Gare aux grandes roues, vous n’en avez pas vraiment besoin

Les grosses roues sur votre voiture sont bien jolies en photo, mais elles viennent avec leur lot de problèmes.

Roues

Jetez un coup d’œil aux photos du plus récent salon de l’auto. Vous remarquerez sûrement que les modèles les plus spectaculaires sont également ceux qui ont les plus grandes roues. C’est immanquable.

Parce que les stylistes ont compris que leurs prototypes sont toujours plus beaux et plus chics avec des roues immenses et l’équivalent de gros élastiques noirs en guise de pneus. Et c’est pire encore sur leurs esquisses, qui ont l’air de vraies caricatures.

 

La chose est encore plus vraie pour les utilitaires, parce que des roues plus grandes permettent d’équilibrer la masse et la hauteur plus importantes de ces véhicules. La taille des roues augmente aussi invariablement avec le prix, quel que soit le type de véhicule et l’effet sur le comportement, la consommation et le reste. Victimes consentantes de la mode.

Et si le prototype aux grandes roues connaît un succès monstre dans les salons, le constructeur a intérêt à ce que le modèle de série lui ressemble le plus possible. Y compris pour les roues. Que les ingénieurs se débrouillent pour que la nouvelle merveille ait une tenue de route, un roulement et un agrément de conduite convenable.

La quadrature des roues

À vrai dire, les ingénieurs ne cessent de multiplier les miracles, si l’on considère que le gabarit et le poids des véhicules les plus populaires augmentent au même rythme que la taille de leurs roues. Et vice-versa.

Cela dit, les roues d’alliage ont quand même leur raison d’être. Elles sont apparues en course parce qu’elles sont plus légères et améliorent la tenue de route en aidant la suspension à maintenir le pneu en contact avec la surface d’asphalte ou de béton. Leur diamètre a augmenté pour installer des freins de plus en plus grands et bien les refroidir. On les a chaussées de pneus de plus en plus larges, aux flancs de plus en plus bas, pour augmenter l’adhérence en virage et la précision de la direction en courbe.
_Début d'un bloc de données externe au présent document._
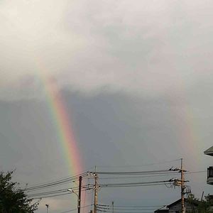 陽が上った直後に虹🌈しかも二重に・・・暫くすると雲が無くなり🌈の橋が掛かりました~お見事でした 朝焼け、虹🌈を見る事が出来てラッキー😆💕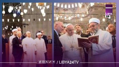 بابا الفاتيكان يخلع حذاءه احتراماً خلال زيارته للمسجد الأزرق في إسطنبول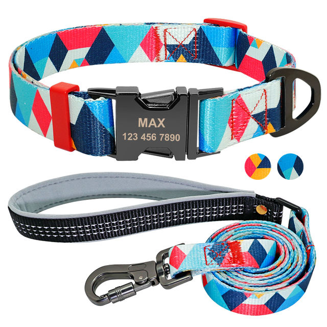 Personalized Dog Collar Leash Set Nylon Printed DogsID Collars Pet Walking Belt For Small Medium Large Dogs Flower Accessory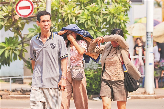 近期,熱浪席卷東南亞和南亞大片地區,老撾也遭遇高溫酷暑侵襲,最高氣溫超40攝氏度,給民眾正常生產生活帶來影響。圖為近日,人們走在老撾首都萬象街道上時用衣物遮蔽自己。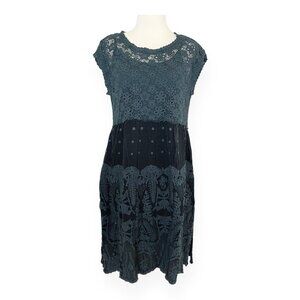NEW Johnny Was Flower Getaway Mini Dress Women’s Small Embroidered Sanded Black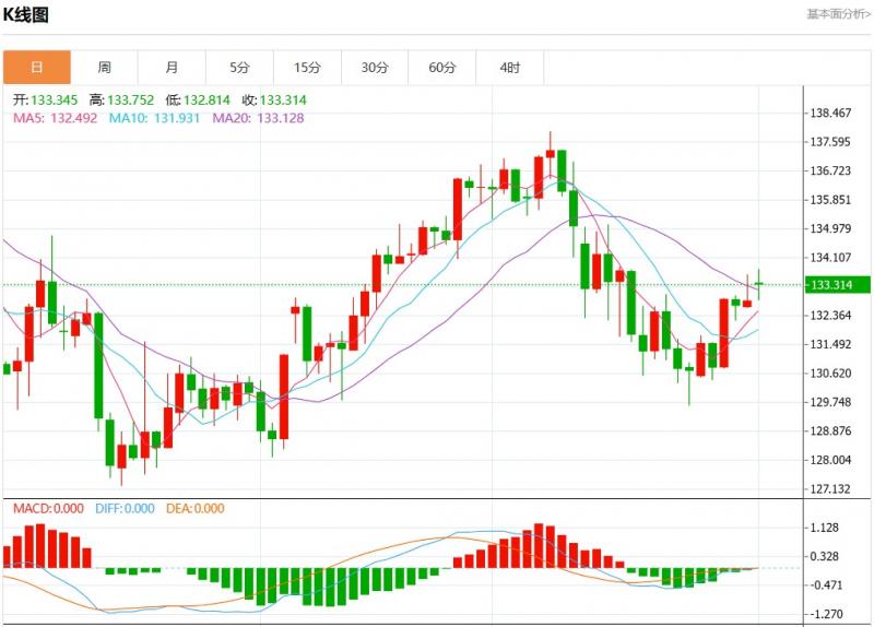 美元兑日元报133。279,涨幅0.37%。 今日分析:在132.65之上,看涨,目标价位为133.85,然后为134.10。 技术点评:RI技术指标向上运行。 支撑位:134.60134.10133.85 阻力位:132.65132.30132.00 (亚汇网编辑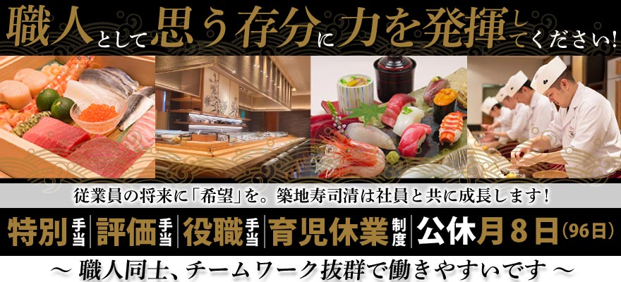 | 募集職種 | 1.料理長・料理長候補 、2.店長・店長候補 、3.調理師・キッチンスタッフ 、4.ホールスタッフ 、5.SV 、6.寿司職人 、7.【ア】調理師・キッチンスタッフ 、8.【ア】ホールスタッフ |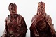 Sjældne Karl Hansen Reistrup for Kähler, ca. 1888. Kriger og konge, bogstøtter i keramik. Hver bogstøtte er stemplet "KHR" og "HAK" på bagsiden. Flot rubinrød lustreglasur. Den røde glasur blev godt modtaget på Verdensudstillingen i Paris i 1889. Meget sjældne skulpturer. 30 cm. høje. I god stand.
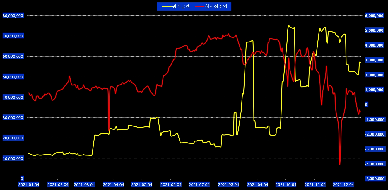 올해 2021년 부분만 별도로 추려서 차트로 정리한 자료입니다. 로직의 특성상 하락할때 투자금이 크게 들어가기 때문에 올해 초 보다는 투자금이 크게 늘었습니다. 하지만 수익은 다 반납하고 말았습니다. 투자금이 크게 증가했기 때문에 계좌의 변동성은 과거보다는 더욱 커질 것입니다. 11월과 12월 하락장이 었지만 어찌되었던 원칙대로 손절하고, 추가매수를 지속적으로 실시하였습니다. 덕분에 손실은 커지고 투자금은 늘어나게 되었네요. 결과적으로 아쉽게 되었지만 원칙을 무너뜨릴 생각은 없습니다.

Si les pneus de taille 35 (hauteur du flanc égale à 35 % de la largeur de la bande de roulement) étaient réservés aux pures voitures de course il n’y a pas si longtemps, on en retrouve maintenant sur plein de sportives dument immatriculées.

La nouvelle Corvette ZR1 roule même sur des pneus arrière de taille 25, larges de 335 mm et montés sur des roues de 20 pouces.

 

Parfait pour un circuit où la surface est lisse. Beaucoup moins pour la route où il n’y a qu’un flanc de 84 mm en caoutchouc quasi rigide pour protéger la précieuse roue du moindre choc. Imaginez les dommages dans un nid-de-poule québécois.

Périls ordinaires

Pas même besoin d’un exemple aussi extrême. L’hiver dernier, un collègue a subi une crevaison en croisant un nid-de-poule dans une Toyota Camry XSE roulant sur pneus de taille P235/40R19. La semaine suivante, un autre se tapait deux crevaisons d’un coup, à cause d’un seul nid-de-poule, dans une Kia Stinger roulant sur des P225/40R19 quasi-identiques. 

 

Un troisième conducteur a carrément cassé une roue d’alliage sur un autre de ces satanés cratères, dans une Subaru WRX qui chausse des pneus de taille 245/40 sur roues de 18 pouces. On est pourtant loin de la méga-Corvette.
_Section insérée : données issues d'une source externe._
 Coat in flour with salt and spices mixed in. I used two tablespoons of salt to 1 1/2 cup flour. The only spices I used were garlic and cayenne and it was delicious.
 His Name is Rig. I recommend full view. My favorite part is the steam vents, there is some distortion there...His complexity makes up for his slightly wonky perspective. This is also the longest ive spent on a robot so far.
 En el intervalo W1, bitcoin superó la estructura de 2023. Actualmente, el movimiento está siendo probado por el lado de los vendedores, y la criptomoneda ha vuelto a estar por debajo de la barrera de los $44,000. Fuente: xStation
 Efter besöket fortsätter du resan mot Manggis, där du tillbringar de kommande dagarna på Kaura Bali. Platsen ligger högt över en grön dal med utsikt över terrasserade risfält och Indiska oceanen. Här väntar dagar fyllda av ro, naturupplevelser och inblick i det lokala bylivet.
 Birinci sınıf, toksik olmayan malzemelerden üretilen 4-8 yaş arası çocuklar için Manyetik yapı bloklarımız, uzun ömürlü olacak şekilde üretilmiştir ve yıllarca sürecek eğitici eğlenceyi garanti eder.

Et ça n’arrive pas seulement l’hiver. Il y a deux jours, je me suis retrouvé avec deux pneus droits dégonflés, sans cause apparente, dans une Mercedes-AMG GLA 45 chaussée de pneus de taille P235/40 sur des roues de 20 pouces. Avec des flancs aussi bas et rigides, je n’ai rien senti avant d’arriver à destination après un trajet de quelques kilomètres, en ville. Sauf que ça cognait vraiment sec sur la moindre fente ou bosse.

Par chance, un seul des deux pneus était complètement à plat. Après un regonflage complet (merci encore, les enfants, pour le compresseur portatif), je me suis résigné à utiliser la bonbonne de scellant et le compresseur qui se trouvaient dans la soute. Eh non; pas de roue de rechange, même compacte. Comme dans un grand nombre de véhicules neufs, d’ailleurs. Surtout quand les roues sont plus costaudes.

 

La rançon de la mode

Autre preuve que les grandes roues et les pneus à taille basse sont une question d’esthétique plutôt que de tenue de route et de freinage, la Hyundai Accent GLS, le modèle le plus cossu de cette série de compactes, roule sur des P205/45R17 alors que ses sœurs plus modestes, les L et GL, se contentent de P185/65R15.

L’ennui, avec les grandes roues et les pneus à taille basse, c’est que le roulement est plus dur ou carrément sec, si la suspension n’est pas adaptée parfaitement. Les pneus larges louvoient dans les ornières, augmentent le coefficient de traînée et, du même coup, la consommation, puisque leur résistance au roulement est plus grande. Ils sont également plus portés à l’aquaplanage et plus difficiles à conduire sur la neige et la gadoue. Sans compter que les pneus d’hiver de même taille sont plus chers.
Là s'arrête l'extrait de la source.